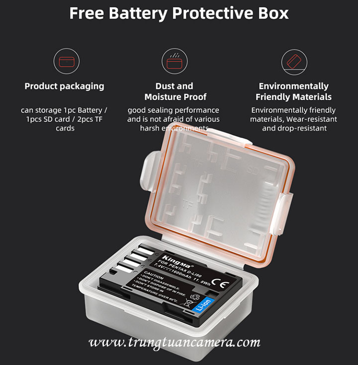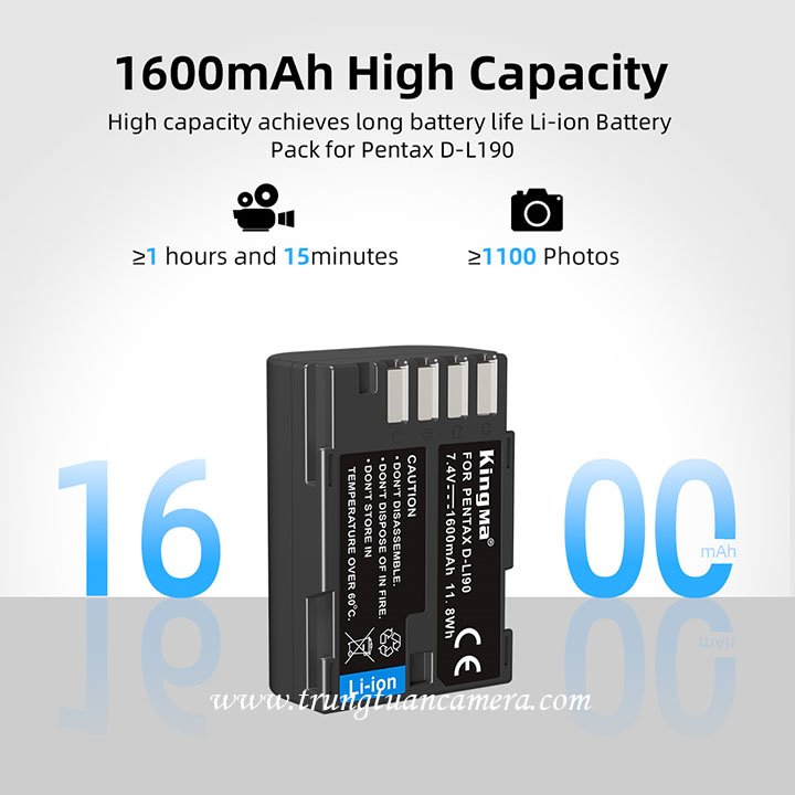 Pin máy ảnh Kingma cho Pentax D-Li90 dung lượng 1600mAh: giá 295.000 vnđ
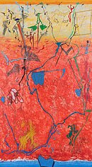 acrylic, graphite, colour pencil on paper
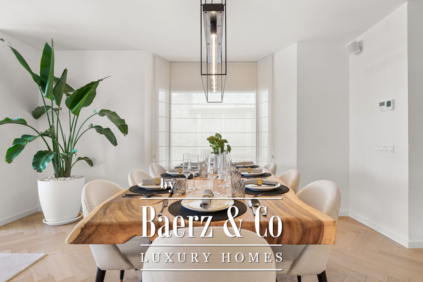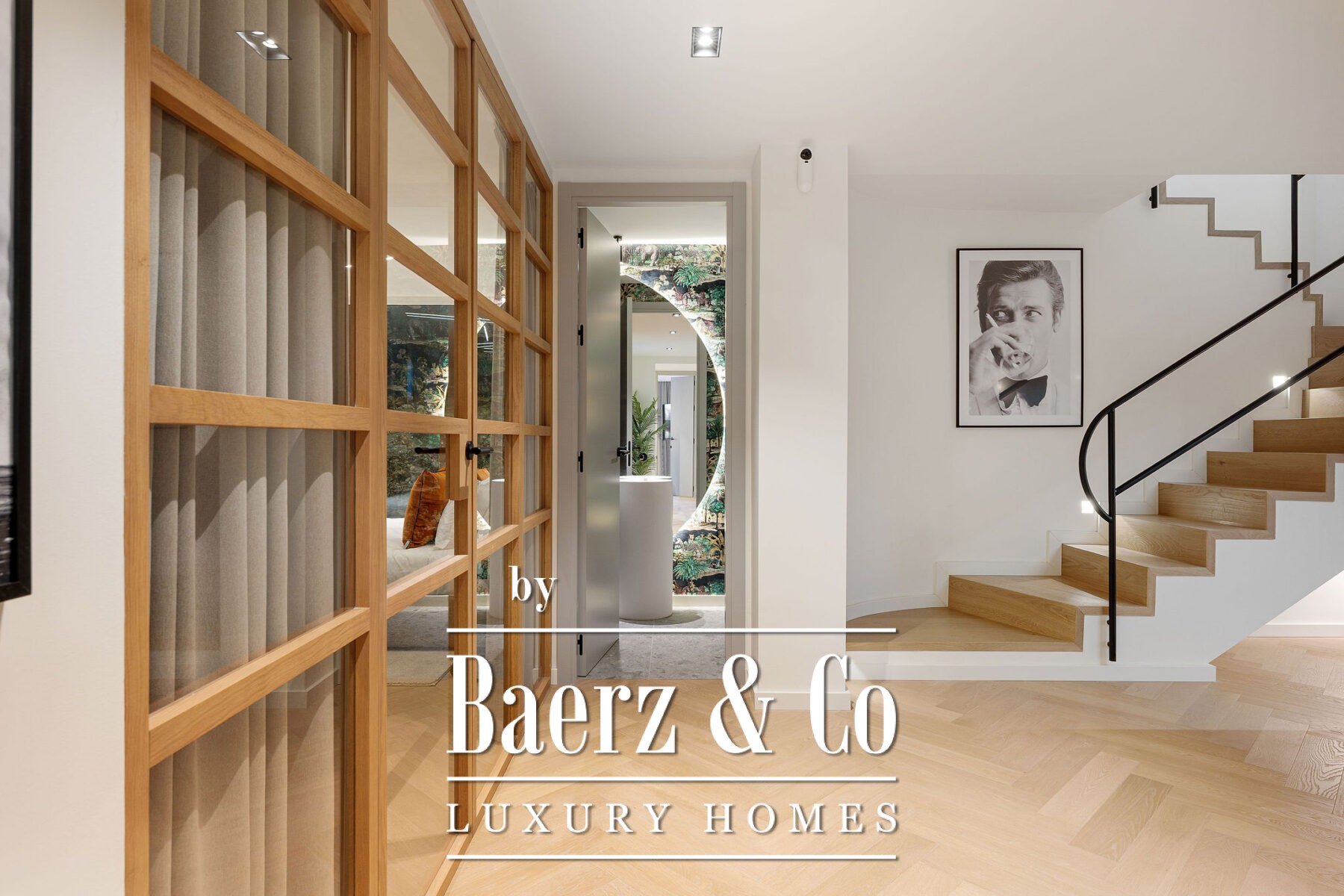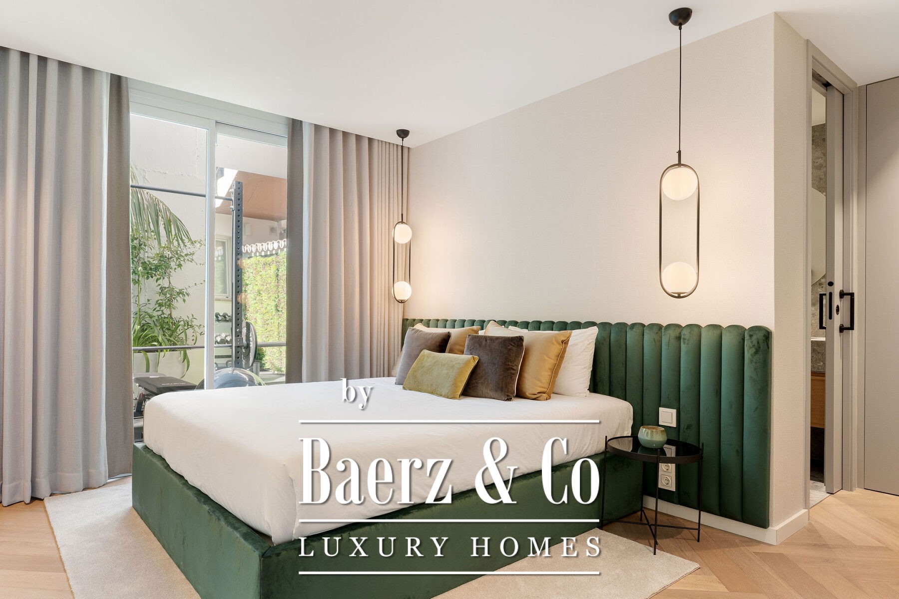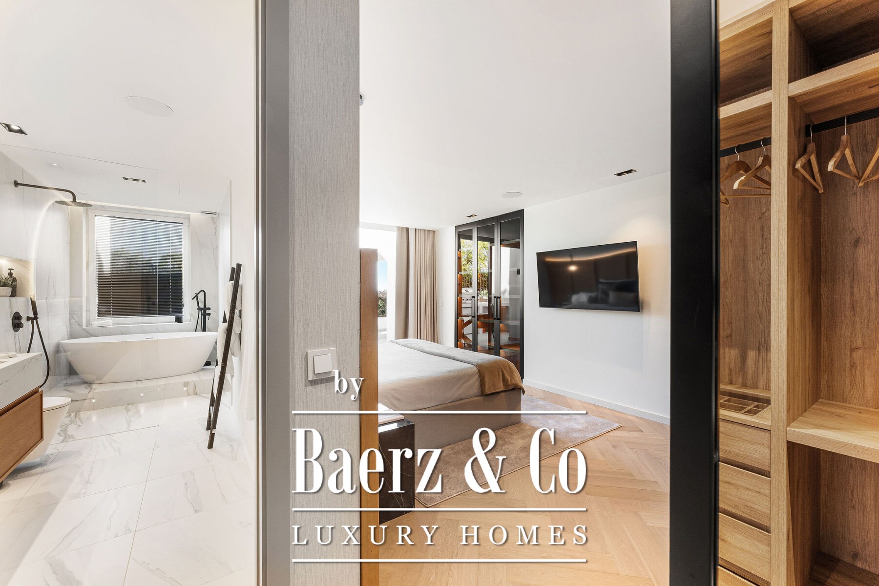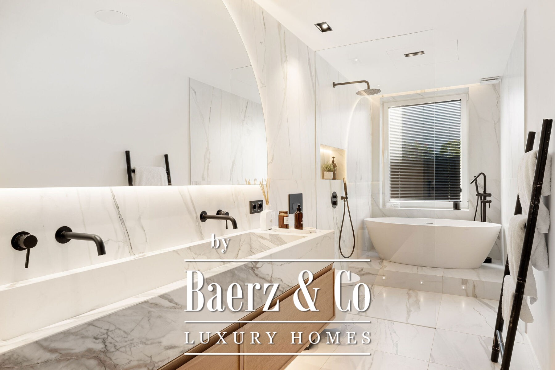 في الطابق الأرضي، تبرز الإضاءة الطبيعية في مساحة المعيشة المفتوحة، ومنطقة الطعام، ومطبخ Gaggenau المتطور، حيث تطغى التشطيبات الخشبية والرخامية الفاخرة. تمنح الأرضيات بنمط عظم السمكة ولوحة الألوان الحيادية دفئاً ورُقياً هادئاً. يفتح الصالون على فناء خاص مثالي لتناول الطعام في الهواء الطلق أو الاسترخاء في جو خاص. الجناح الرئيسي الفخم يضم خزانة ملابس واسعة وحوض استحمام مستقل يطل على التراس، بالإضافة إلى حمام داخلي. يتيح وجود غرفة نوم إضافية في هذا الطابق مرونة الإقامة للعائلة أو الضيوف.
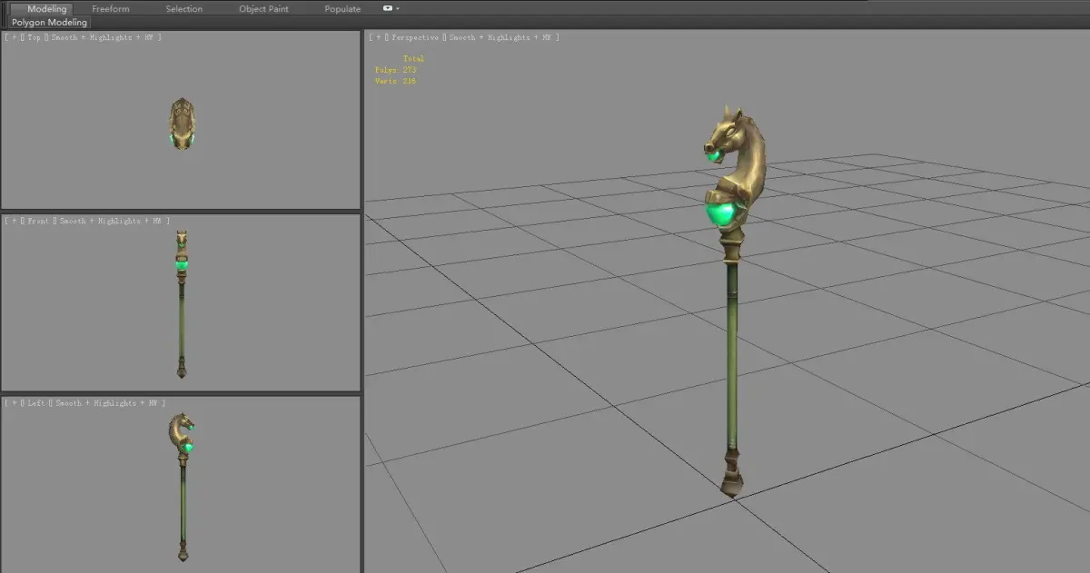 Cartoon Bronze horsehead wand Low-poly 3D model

### WORK INSTRUCTIONS
Pictures are not part of the copy. Please reproduce the material word for word.

### COMPLETED EXERCISE
 Pin máy ảnh Kingma cho Pentax D-Li90 dung lượng 1600mAh: giá 295.000 vnđ
 acrylic, graphite, colour pencil on paper
 في الطابق الأرضي، تبرز الإضاءة الطبيعية في مساحة المعيشة المفتوحة، ومنطقة الطعام، ومطبخ Gaggenau المتطور، حيث تطغى التشطيبات الخشبية والرخامية الفاخرة. تمنح الأرضيات بنمط عظم السمكة ولوحة الألوان الحيادية دفئاً ورُقياً هادئاً. يفتح الصالون على فناء خاص مثالي لتناول الطعام في الهواء الطلق أو الاسترخاء في جو خاص. الجناح الرئيسي الفخم يضم خزانة ملابس واسعة وحوض استحمام مستقل يطل على التراس، بالإضافة إلى حمام داخلي. يتيح وجود غرفة نوم إضافية في هذا الطابق مرونة الإقامة للعائلة أو الضيوف.
 Cartoon Bronze horsehead wand Low-poly 3D model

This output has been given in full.